Data excerpt —
+ + + + + + +

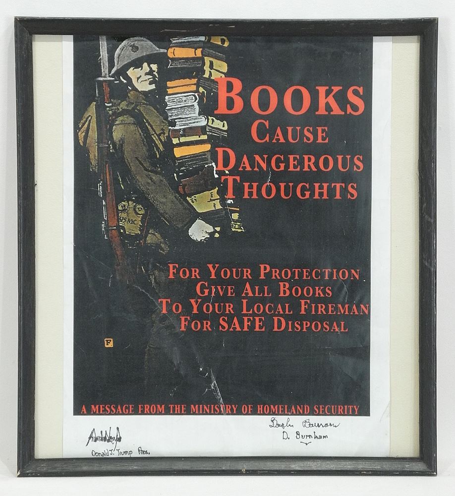 LOT 6 Regressive US Nationalist Poster, "Books Cause Dangerous Thoughts", 14 x 12 3/4". Estimate: $50 - $60 Sold For: $100 Auction Date: Tuesday, November 18 2025 at 4:00 PM
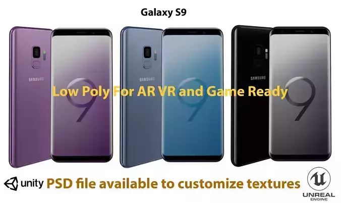 Samsung Galaxy S9 Low Poly model for AR VR low-poly 3d model ready for Virtual Reality (VR), Augmented Reality (AR), games and other real-time apps.
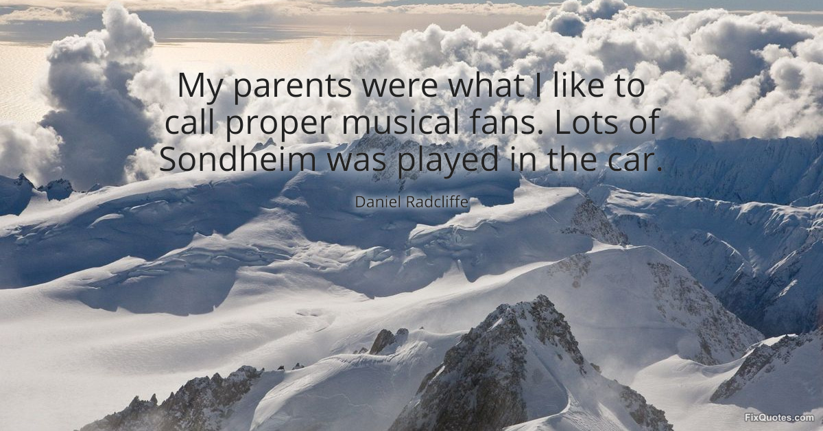 Radcliffe, Daniel. (2026, January 16). My parents were what I like to call proper musical fans. Lots of Sondheim was played in the car. FixQuotes. https://fixquotes.com/quotes/my-parents-were-what-i-like-to-call-proper-124036/

+ + + + + + +

The task —
Give back each line above exactly, with pictures dropped.

The answer —
 LOT 6 Regressive US Nationalist Poster, "Books Cause Dangerous Thoughts", 14 x 12 3/4". Estimate: $50 - $60 Sold For: $100 Auction Date: Tuesday, November 18 2025 at 4:00 PM
 Samsung Galaxy S9 Low Poly model for AR VR low-poly 3d model ready for Virtual Reality (VR), Augmented Reality (AR), games and other real-time apps.
 Radcliffe, Daniel. (2026, January 16). My parents were what I like to call proper musical fans. Lots of Sondheim was played in the car. FixQuotes. https://fixquotes.com/quotes/my-parents-were-what-i-like-to-call-proper-124036/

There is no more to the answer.